Extreme Multi-label classification - XRTransformer - Using word embeddings of Label descriptions for clustering
codemonk2023 opened this issue ยท 6 comments
I have descriptions for labels and would like to use them as features instead of positive examples. Am looking for a code example to make PECOS use only BERT(my own) encoded label descriptions features instead of TD-IDF. I am fine if it has to be TF-IDF + label descriptions embeddings.
am reading the below notebook s
https://github.com/amzn/pecos/blob/mainline/tutorials/kdd22/Session%202%20Extreme%20Multi-label%20Classification%20with%20PECOS.ipynb
https://github.com/amzn/pecos/blob/mainline/tutorials/kdd22/Session%205%20eXtreme%20Multi-label%20Classification%20with%20XR-Transformer.ipynb
Is creating .npz way to go? is there any example of taking BERT embeddings saving them in .npz file? is it possible to configure not to use TF-IDF for both mult-label classifier which predicts clusters and ranker?
is there a description of the ranker model in terms of tuning it to better?
@jiong-zhang Thank you for wonderful work and trying to see if you have any thoughts on this.
The hierarchical clustering implementation could take both dense and sparse feature matrix as input, you can just run Indexer.gen(label_feat)
with label_feat
being either numpy.ndarray
or scipy.sparse.csr.csr_matrix
.
Yes you can train the model without any TF-IDF feature at all, the sparse X feature is optional.
Generally speaking not using TF-IDF would have negative impact on your model performance but it's data dependent.

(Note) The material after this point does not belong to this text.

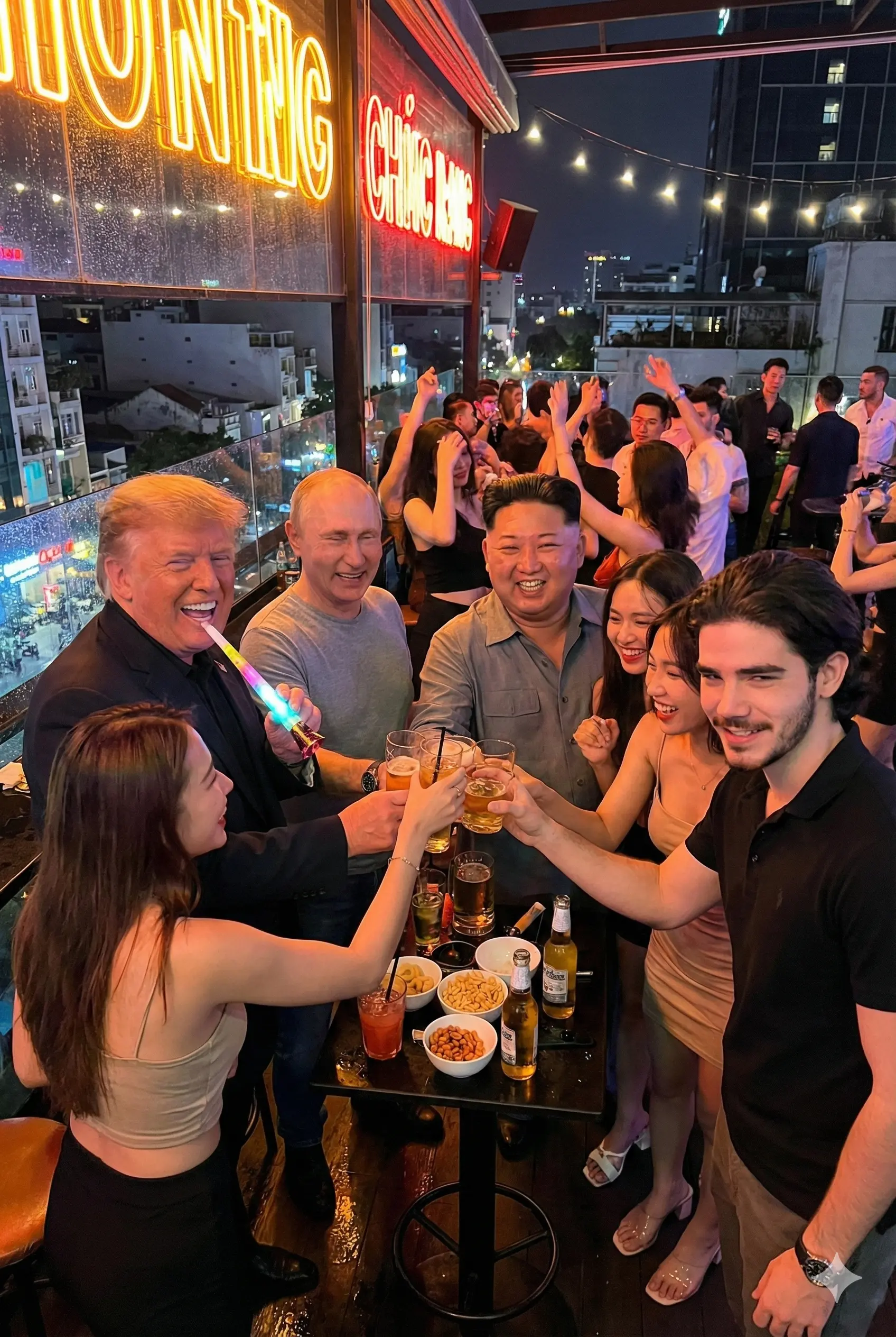 “Rooftop sky bar in Saigon at night with warm air, loud music, neon reflections, and a proper party atmosphere. A small VIP table is stacked with cocktails, beers, shots, mixers, and bar snacks. The four men sit in the same positions as the reference. • Left seat: Donald Trump, recognisable hair, light skin, wearing a lightweight black jacket or open-collar shirt, laughing hard while holding a fun party prop instead of the guitar. • Middle-left seat: Vladimir Putin, short hair, light skin, in a simple grey breathable T-shirt, caught mid-laugh with a lively expression. • Middle-right seat: Kim Jong-un, neat hairstyle, light grey rolled-sleeve shirt, smiling big and clearly enjoying the chaos. • Right seat: the man from the uploaded reference photo, no hat, black polo shirt, raising his drink toward the camera with a cheeky grin. A few Saigon sky-bar girls are with them, dressed for the heat in black or grey crop tops, sleeveless tops, fitted dresses, or light clubwear that matches the leaders’ tones. They lean in, clink glasses, dance a little, laugh loud, and blend seamlessly into the hype. The whole scene feels wild, energetic, fun, and messy in the best way, like a candid iPhone party photo taken mid-night.”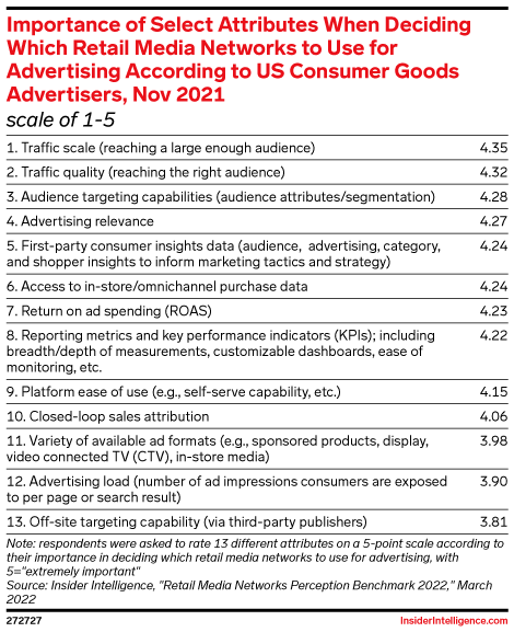 Here’s how ad buyers ranked the retail media networks of 14 leading CPG-focused retailers—including Ahold Delhaize, Albertsons, Amazon, Costco Wholesale, CVS, Instacart, Kroger, Target, and Walmart—according to the attributes they value most.

Thank you! Do you have any example just testing without TF-IDF and using transformers?
@jiong-zhang Also am following custom dataset example from here. https://github.com/amzn/pecos/blob/mainline/tutorials/kdd22/Session%205%20eXtreme%20Multi-label%20Classification%20with%20XR-Transformer.ipynb
Below is my output-labels.txt which list of label names. Am assuming label_feat need to follow same order as labels in output-labels.txt. Please correct me if am wrong.
class1
class2
class3
class4
Yes the label feature columns corresponds to the lines of the definition of the output labels.
Thank you! Do you have any example just testing without TF-IDF and using transformers?
For CLI tool, argument -x
to python3 -m pecos.xmc.xtransformer.train
is optional.
For python API, argument X_feat
to MLProblemWithText
is optional.
If you don't feed the feature XR-Transformer will not use TF-IDF.
Note that you'll need to construct your own label features or indexer if you don't supply the TF-IDF features.